Redistribution: This database cannot be, totally or partially, further distributed, published, copied or disseminated, in any way or form, for profit or not.
Commercial use: This database is not designed for any commercial use and should only be used for academic researchers.
Publications: Any publication using this database should include a citation of the article:
M. Vacher, B. Lecouteux, P. Chahuara, F. Portet, B. Meillon, N. Bonnefond, The Sweet-Home speech and multimodal corpus for home automation interaction, The 9th edition of the Language Resources and Evaluation Conference (LREC), 26-31 May, Reykjavik, Iceland, pp. 4499-4506.
Bibtex reference of this article:
@inproceedings{vacher:hal-00953006, AUTHOR = {Vacher, Michel and Lecouteux, Benjamin and Chahuara, Pedro and Portet, Fran{\c c}ois and Meillon, Brigitte and Bonnefond, Nicolas}, TITLE = {{The Sweet-Home speech and multimodal corpus for home automation interaction}}, BOOKTITLE = {{The 9th edition of the Language Resources and Evaluation Conference (LREC)}}, YEAR = {2014}, PAGES = {4499-4506}, KEYWORDS = {multimodal data acquisition;natural language and multimodal interactions;voice-actived home automation;Ambient Assisted Living}, ADDRESS = {Reykjavik, Iceland}, URL = {http://hal.archives-ouvertes.fr/hal-00953006} }

To retrieve a complete subset including all the participant's data, you must fill a PDF form and sent it to Michel.Vacher@imag.fr to engage yourself to use this dataset in a correct way. When done, you will receive the link to download the data of the subset.

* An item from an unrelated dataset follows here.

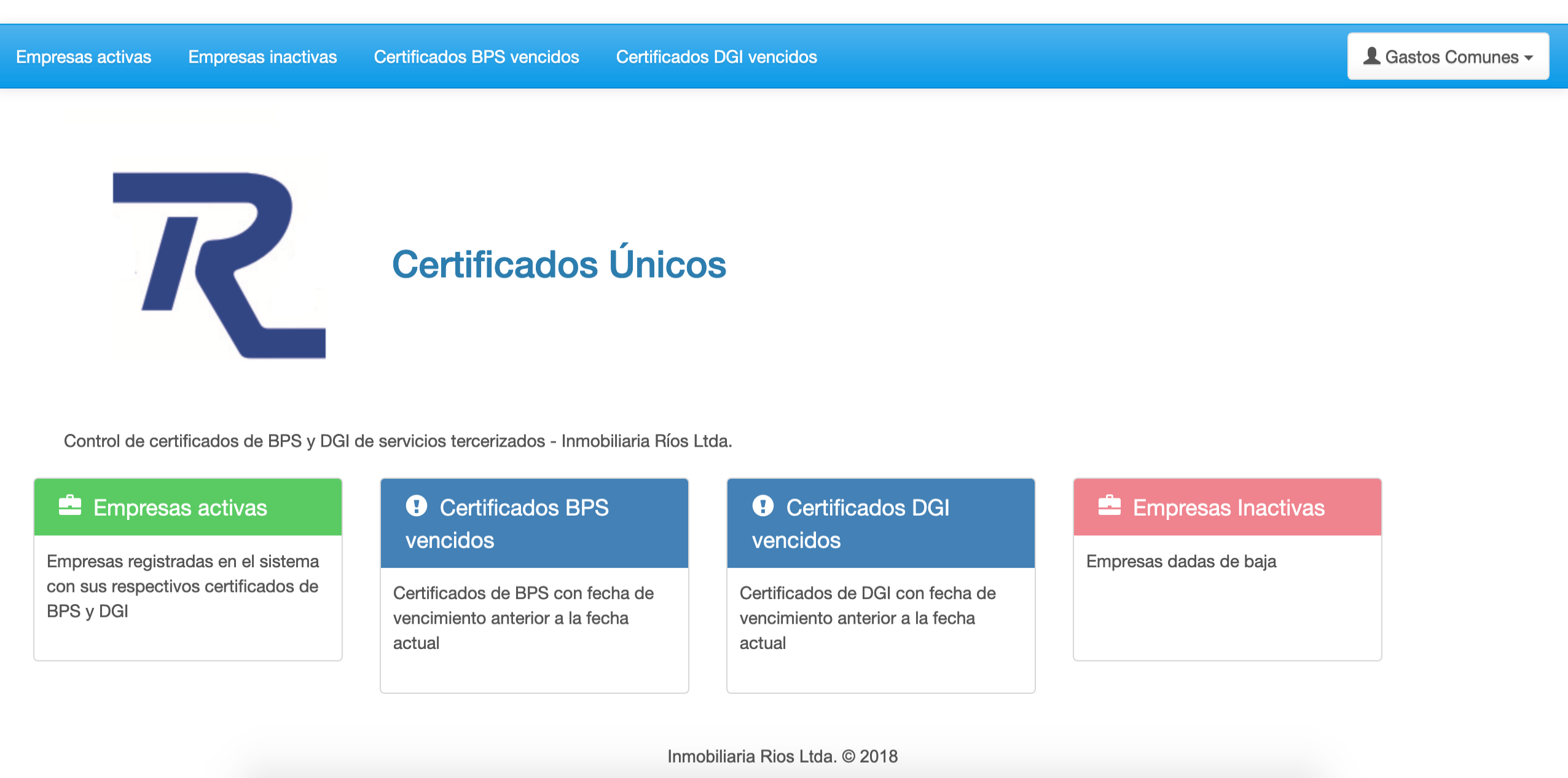 Aplicación web - Control de vigencia de certificados únicos de empresas, para inmobiliaria
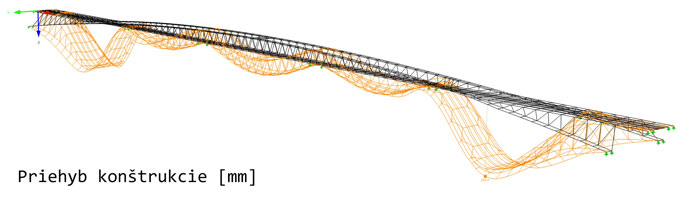 Konštrukciu mosta autor konzultoval s Ing. Tomášom Živnerom, PhD. z Katedry kovových a drevených konštrukcií SvF STU. Priehradový spojitý trámový most so spodnou ortotropnou mostovkou v troch stredných poliach tvorí trojuholníkovú sústavu bez podružných zvislíc. V strednom poli je priečny rez uzatvorený priehradovým stužením. Pás krajných polí je kotvený do základového bloku, mimo­úrovňovo vzhľadom na mostovku. Konštrukčná výška od spodnej hrany dolného profilu po vrchnú hranu horného profilu je 7 650 mm. Celková dĺžka mosta je 459 590 mm.“

Context of the acquisitions

This corpus was recorded by the LIG laboratory (Laboratoire d'Informatique de Grenoble, UMR 5217 CNRS/UJF/Grenoble INP/UPMF) thanks to the Sweet-Home project founded by the French National Research Agency (Agence Nationale de la Recherche / ANR-09-VERS-011). The authors would like to thank the participants who accepted to perform the experiments.

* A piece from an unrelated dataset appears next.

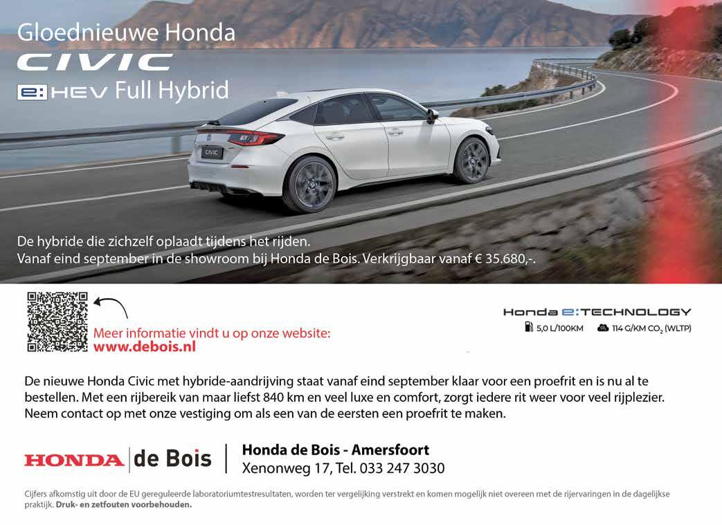 De Honda Civic eHEV staat vanaf september bij Honda de Bois in Amersfoort klaar voor een proefrit. Bekijk nu alvast onze website voor meer informatie en laat uw interesse www.debois.nl/honda-civic-hybrid aan ons we ten. Kom hem als een van de eersten ervaren.
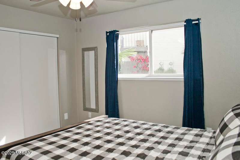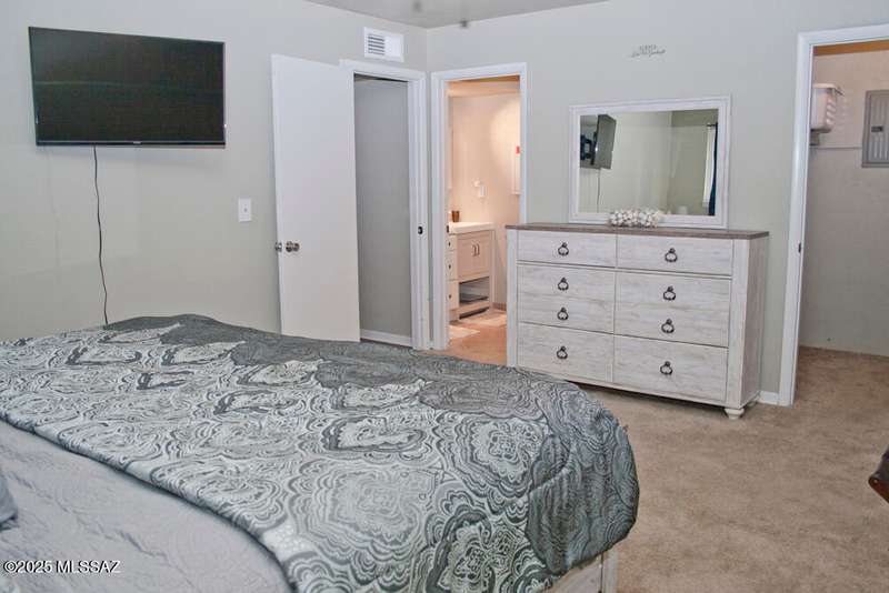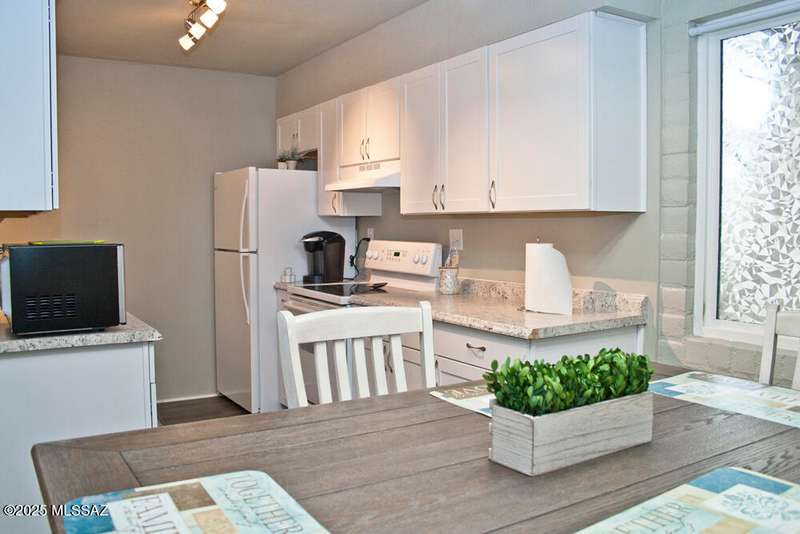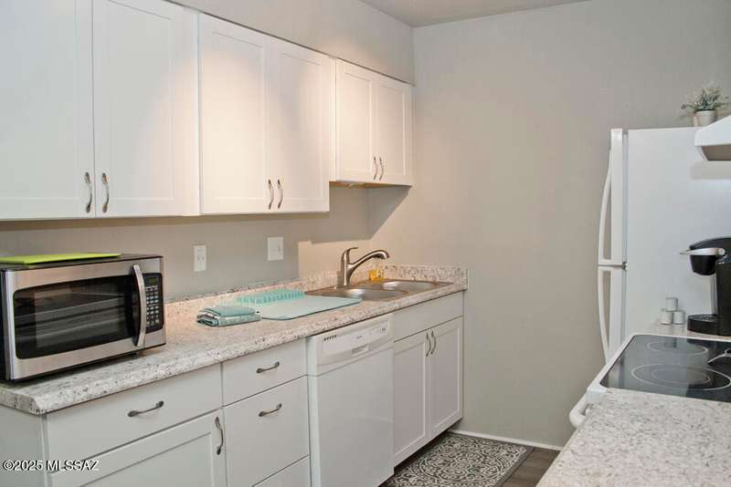 Enjoy the LARGEST condo in the complex at 1,420 square feet of updated living space! One of the harder to find 3 bedroom and 2 bathroom condos in the area which is spacious, move-in ready, and contemporary in style. The very large third bedroom with a separate entrance is currently set up as a second living space but could be used for a wide variety of purposes. Previous updates include newer flooring, paint, kitchen cabinets, and remodeled bathrooms. You'll appreciate the corner unit and ground level property that's located just a few steps from the community pool & spa. All of this and a fantastic east side location nearby to shopping, parks, The Loop, and so much more. Furnishings are available for purchase on a separate bill of sale.

This corpus is composed of audio and home automation data acquired in a real smart home with French speakers. This campaign was conducted within the Sweet-Home project aiming at designing a new smart home system based on audio technology. The developed system provides assistance via natural man-machine interaction (voice and tactile command) and security reassurance by detecting distress situations so that the person can manage, from anywhere in the house, her environment at any time in the most natural way possible.

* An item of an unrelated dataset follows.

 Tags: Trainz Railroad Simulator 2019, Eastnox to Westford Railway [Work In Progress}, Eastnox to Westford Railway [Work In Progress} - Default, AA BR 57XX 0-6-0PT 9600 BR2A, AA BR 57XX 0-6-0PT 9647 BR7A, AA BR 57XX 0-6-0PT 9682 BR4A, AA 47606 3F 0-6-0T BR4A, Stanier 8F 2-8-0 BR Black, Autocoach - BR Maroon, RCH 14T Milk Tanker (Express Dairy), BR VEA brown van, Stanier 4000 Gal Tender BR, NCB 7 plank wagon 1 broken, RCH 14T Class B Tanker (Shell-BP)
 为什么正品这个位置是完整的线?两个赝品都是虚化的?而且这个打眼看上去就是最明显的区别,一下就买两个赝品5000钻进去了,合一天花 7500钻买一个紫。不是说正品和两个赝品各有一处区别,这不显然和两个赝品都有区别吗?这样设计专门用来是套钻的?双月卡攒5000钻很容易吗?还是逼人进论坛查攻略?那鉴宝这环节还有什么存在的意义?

Home automation Smart Home of the LIG Laboratory

DOMUS smart apartment is part of the experimentation platform of the LIG laboratory and is dedicated for research projects. DOMUS is fully functional and equipped with sensors, such as energy and water consumption, level of hygrometry, temperature, and effectors able to control lighting, shutters, multimedia diffusion, distributed in the kitchen, the bedroom, the office and the bathroom. An observation instrumentation, with cameras, microphones and activity tracking systems, allows to control and supervise experimentations from a control room connected to DOMUS. According to the different research projects, experimentations are conducted with users performing scenarios of daily housework and leisure. Multimodal corpus are produced, synchronized and analyzed in order to evaluate and validate the concerned concept or system. The flat also contains 7 radio microphones set into the ceiling that can be recorded in real-time thanks to a dedicated software StreamHIS able to record simultaneously the audio channels.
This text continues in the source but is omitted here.